For years, South African women and men have come to Rustenburg Local Municipality in droves, attracted by its location at the heart of the world’s largest platinum group metals repository. Opportunities in mining have caused the population to balloon, making the town northwest of Johannesburg the fastest-growing municipality in the country.
But while employment has been abundant, it is largely men who have benefited.
Nearly 90 percent of Rustenburg’s mineworkers are men, while women, who have likewise flocked to the town from rural South Africa and nearby countries, struggle to find jobs. A Doctors Without Borders report released Tuesday suggests that this imbalance has carried insidious consequences: “Many females in Rustenburg may be financially dependent on men … [making] women less likely to report violence by a partner they depend on.”
Doctors Without Borders surveyed 800 women between 18 and 49 years old in Rustenburg late last year. One in four said they had been raped in their lifetime, but among them, only 5 percent had reported the incidents to a health worker.

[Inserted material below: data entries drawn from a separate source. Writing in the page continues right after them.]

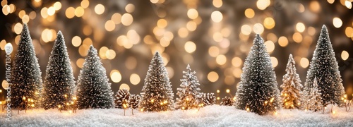 Xmas tree decorated with garland lights. Holiday festive background. Widescreen frame backdrop. New year Winter art design. Christmas scene narrow screen holiday border.
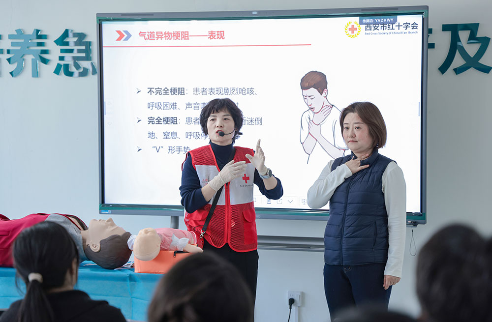 本次培训分为理论讲授、实操演练与考核认证三个阶段。长安区红十字会急救培训师、中国红十字应急救护认证培训师陈莉担任主讲。她结合一线救援与教学经验,系统讲解了心肺复苏、AED使用及海姆立克急救法等急救理论知识,重点说明了操作流程、技术要点与常见误区。
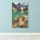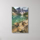 Das wunderschöne türkisblaue Wasser des Moraine Sees. Das Hotel befindet sich im Banff National Park, Alberta Canada.
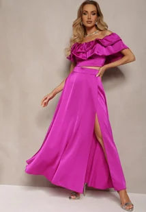 Fioletowy Komplet z Bluzką Hiszpanką z Falbankami i Spódnicą z Długim Rozcięciem na Boku Cevana
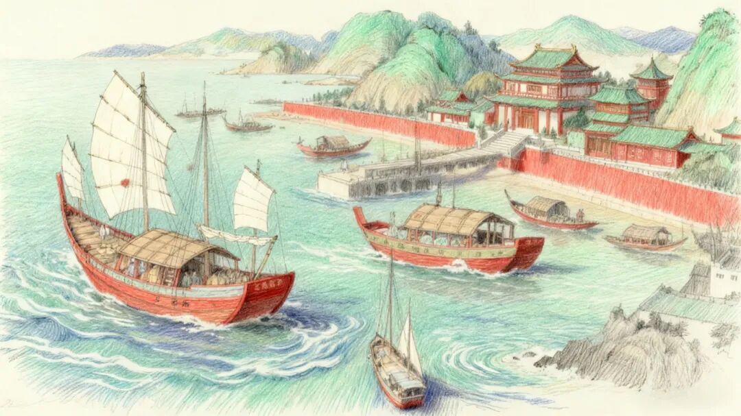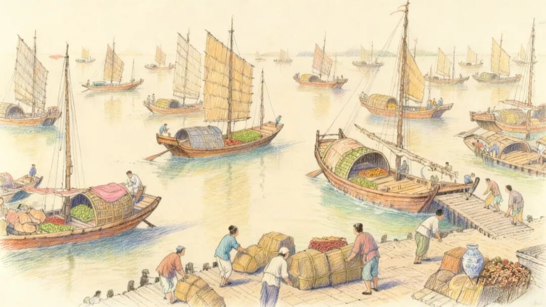 林銮渡繁荣的对外贸易场景(AI制图)

When measured against the town’s population, these results suggest that about 50,000 (mostly migrant) women in Rustenburg have been raped — “shocking but not uncommon statistics in South Africa,” the report said.
Interpol findings in 2012 labelled South Africa “the world’s rape capital,” a title also associated with India and the Democratic Republic of the Congo, but reliable numbers are unavailable because a vast majority of rapes are believed to be unreported.